WHAT NEEDS TO BE DONE:
Here the job is to transcribe only the lines from the one containing "Before and after" through the last line below, exactly as written; please leave out pictures.

STORED DATA:
———
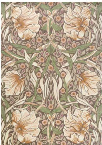
Pimpernel | aubergine 028805
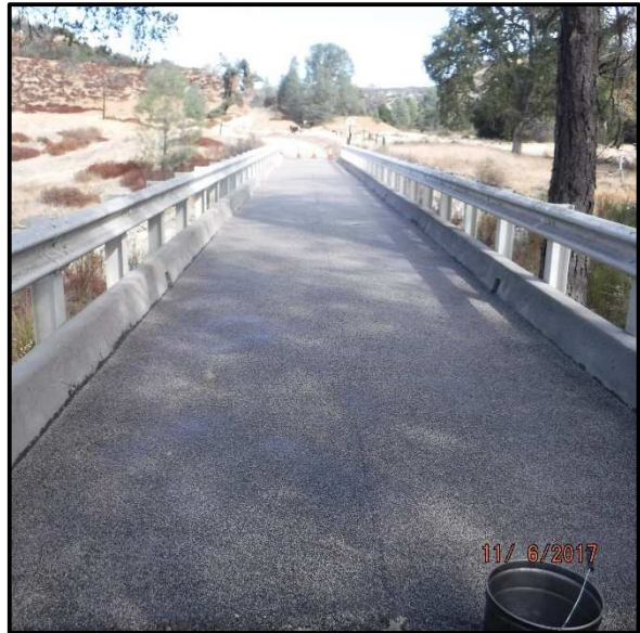
Before and after the rehabilitation of Big Sandy Road bridge deck
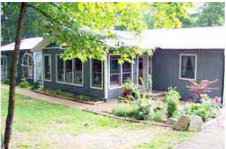
MLS 1499101 - 107 Blackberry Lane, Sewanee. $289,000
———
THE ANSWER:
Before and after the rehabilitation of Big Sandy Road bridge deck
MLS 1499101 - 107 Blackberry Lane, Sewanee. $289,000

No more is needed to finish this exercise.